- [Instructions for the task]
Nothing outside the range is to be copied. From the entries below, reproduce exactly the lines starting at the one with "3 mini coxinhas de frango, 3" and ending at the one with "此次主题班会观摩活动的核心内", without pictures.

- [Data listing]
·····

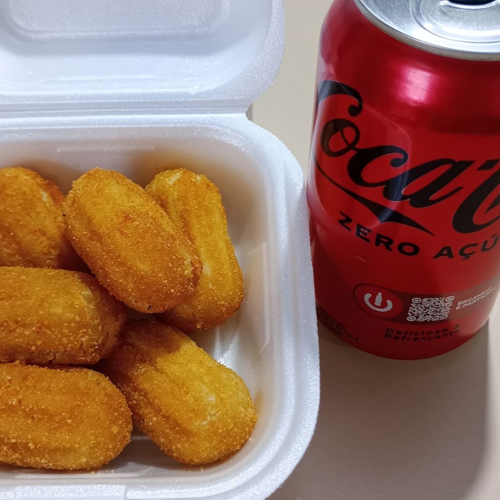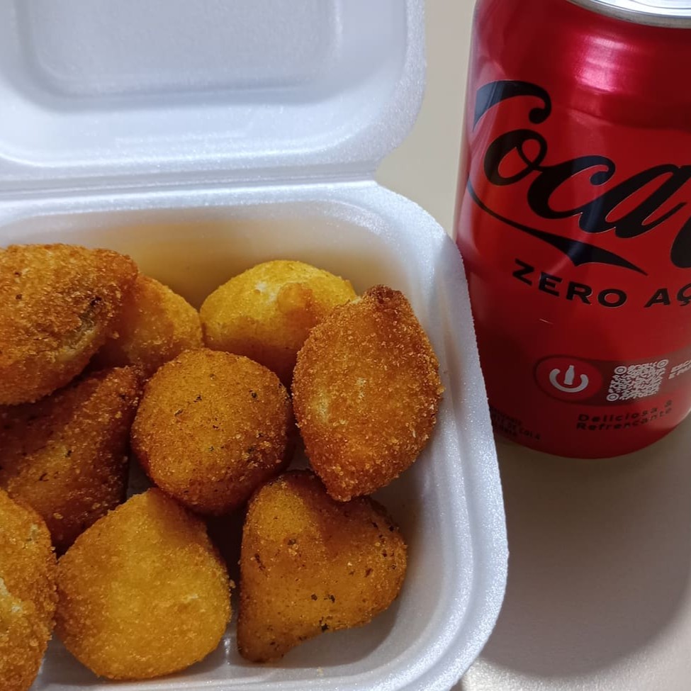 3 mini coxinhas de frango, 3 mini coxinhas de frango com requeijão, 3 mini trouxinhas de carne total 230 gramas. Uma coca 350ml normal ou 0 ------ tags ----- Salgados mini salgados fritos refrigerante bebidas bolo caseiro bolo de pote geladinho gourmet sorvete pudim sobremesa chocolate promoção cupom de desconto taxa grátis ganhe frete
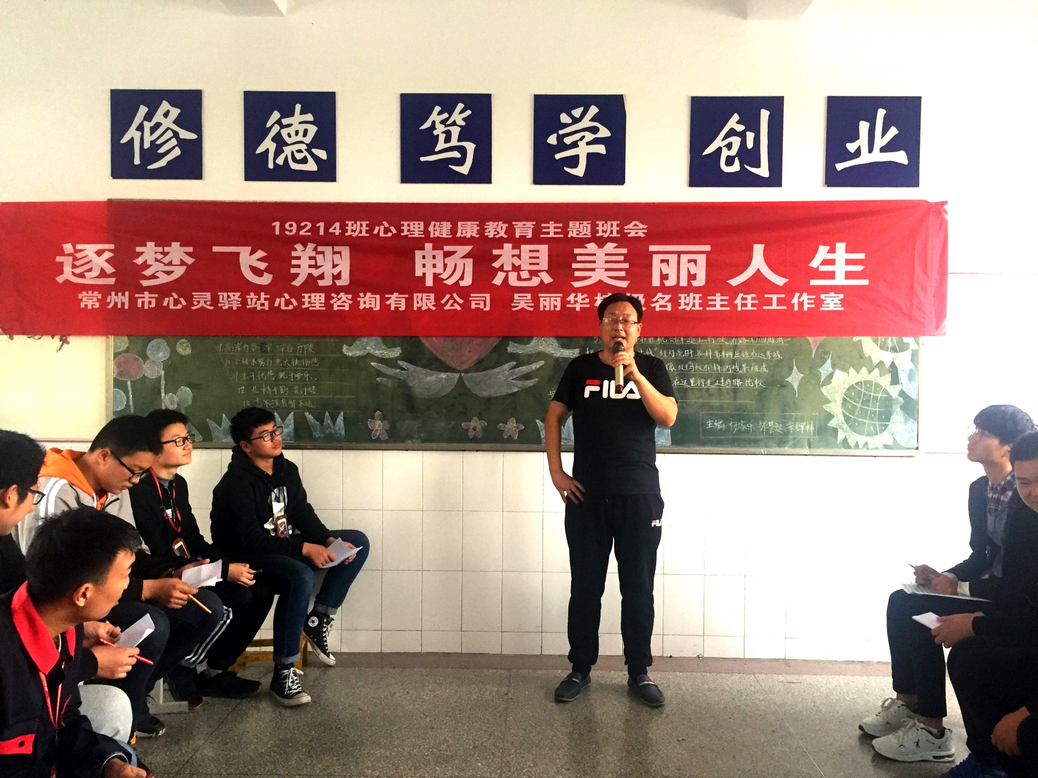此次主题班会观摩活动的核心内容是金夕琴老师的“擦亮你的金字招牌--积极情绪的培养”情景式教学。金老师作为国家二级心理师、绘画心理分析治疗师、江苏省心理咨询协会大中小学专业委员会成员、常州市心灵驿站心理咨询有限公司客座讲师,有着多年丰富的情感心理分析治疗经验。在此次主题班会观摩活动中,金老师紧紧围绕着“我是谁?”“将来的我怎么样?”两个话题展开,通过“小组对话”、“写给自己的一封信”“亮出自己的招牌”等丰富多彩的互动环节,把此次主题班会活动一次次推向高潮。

·····

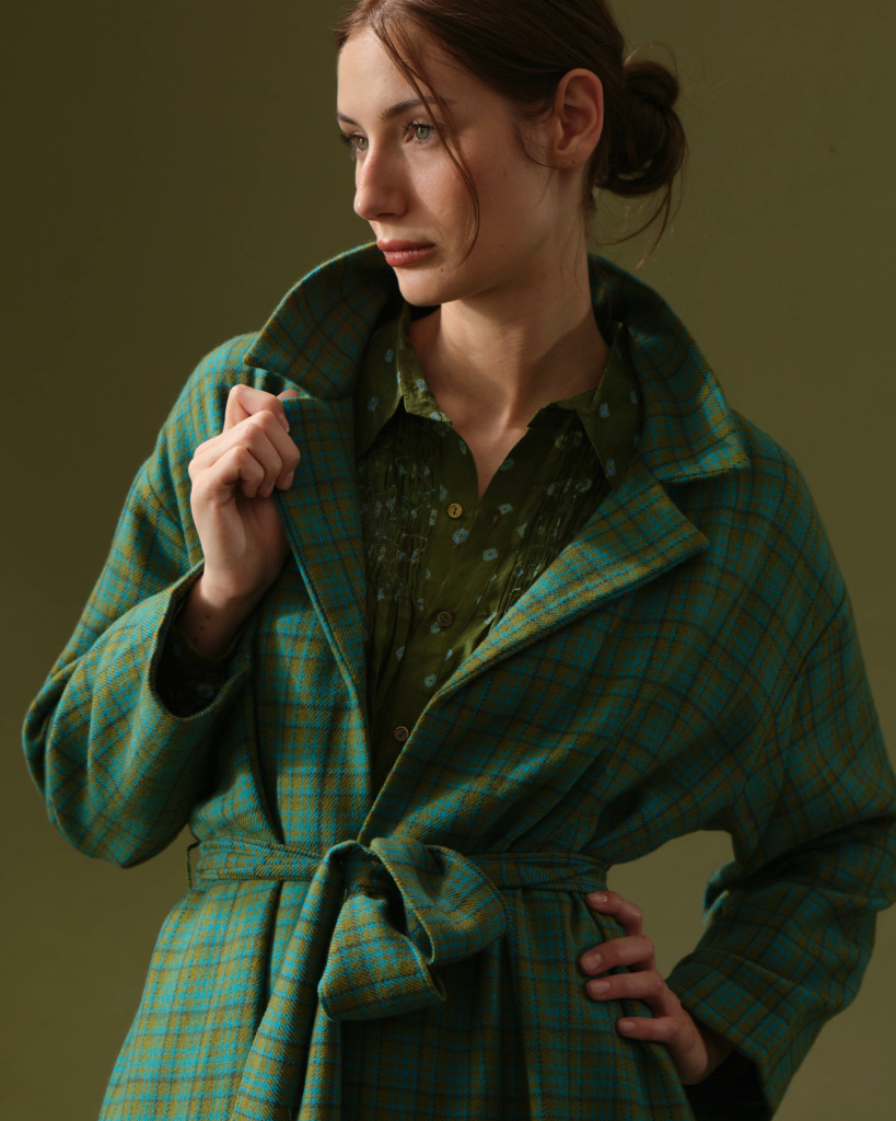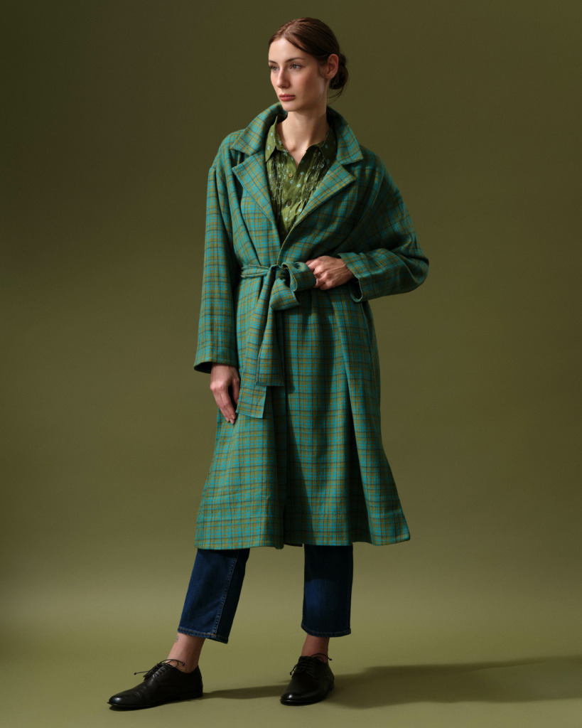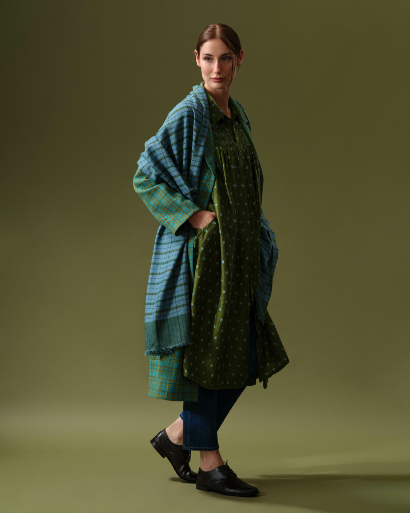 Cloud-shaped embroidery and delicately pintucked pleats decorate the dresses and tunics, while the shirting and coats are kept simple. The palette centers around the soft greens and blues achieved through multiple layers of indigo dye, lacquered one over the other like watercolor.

·····

- [The completed task]
 3 mini coxinhas de frango, 3 mini coxinhas de frango com requeijão, 3 mini trouxinhas de carne total 230 gramas. Uma coca 350ml normal ou 0 ------ tags ----- Salgados mini salgados fritos refrigerante bebidas bolo caseiro bolo de pote geladinho gourmet sorvete pudim sobremesa chocolate promoção cupom de desconto taxa grátis ganhe frete
此次主题班会观摩活动的核心内容是金夕琴老师的“擦亮你的金字招牌--积极情绪的培养”情景式教学。金老师作为国家二级心理师、绘画心理分析治疗师、江苏省心理咨询协会大中小学专业委员会成员、常州市心灵驿站心理咨询有限公司客座讲师,有着多年丰富的情感心理分析治疗经验。在此次主题班会观摩活动中,金老师紧紧围绕着“我是谁?”“将来的我怎么样?”两个话题展开,通过“小组对话”、“写给自己的一封信”“亮出自己的招牌”等丰富多彩的互动环节,把此次主题班会活动一次次推向高潮。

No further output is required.